Presentation: Turning Pandas DataFrames to Semantic Knowledge Graph

Time Zone

Friday October 29 11:30 AM – Friday October 29 12:00 PM in Talks I

Turning Pandas DataFrames to Semantic Knowledge Graph

Cheuk Ting Ho

Prior knowledge:: No previous knowledge expected

Summary

Storing data in tables has its limitations. Usually joining and aggregations are required to represent more complicated datasets and extract desirable data. Storing data in a semantic graph may be the solution and I am showing you how to programmatically switching from pandas to the knowledge graph.

Description

Remember how many times you look up “how to do this in pandas”? Though it is the most popular data handling library in Python, it is quite complicated due to the rigidness of storing data in tabular formats. This is most obvious when the data stored is imported from a JSON file and end up having multiple layers of objects. At this point, you wished for a data structure that let you store data with objects and subclasses, just like in object-orientated programs. The answer? Semantic knowledge graphs.

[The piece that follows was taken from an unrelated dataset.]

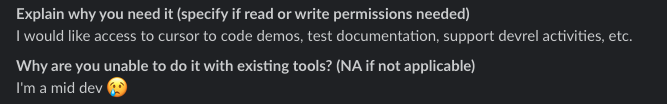 this was my request for Cursor about 6 months ago. I'm still a mid dev

In this talk, Cheuk will first introduce what is semantic knowledge graphs. It’s building block: triples, and how all data can be described will them - with objects and properties. Cheuk will assume no prior knowledge and will explain via examples and visualization with the TerminusDB model builder - a graphical interface that allows you to build schemas for semantic knowledge graphs.

In the next part, Cheuk will show how to construct a schema based on a pandas DataFrame. With the Python client of TemrinusDB, schema can be built programmatically follow by importing the data in the DataFrame. In this part, basic Python knowledge is assumed. In this part, Cheuk will show the internals of pandas, dissecting it and reconstruct a knowledge graph schema. Cheuk will also show the code that transforms the data and insert them in the prepared graph.

Finally, Cheuk will visualize the graph in a customized interactive graph visualization in Jupyter notebook.

This talk is for data scientist and engineers who works with data and using pandas a lot. They may need a new tool and new skills to expand their repertoire of data handling and Semantic Knowledge Graph would be a high value one.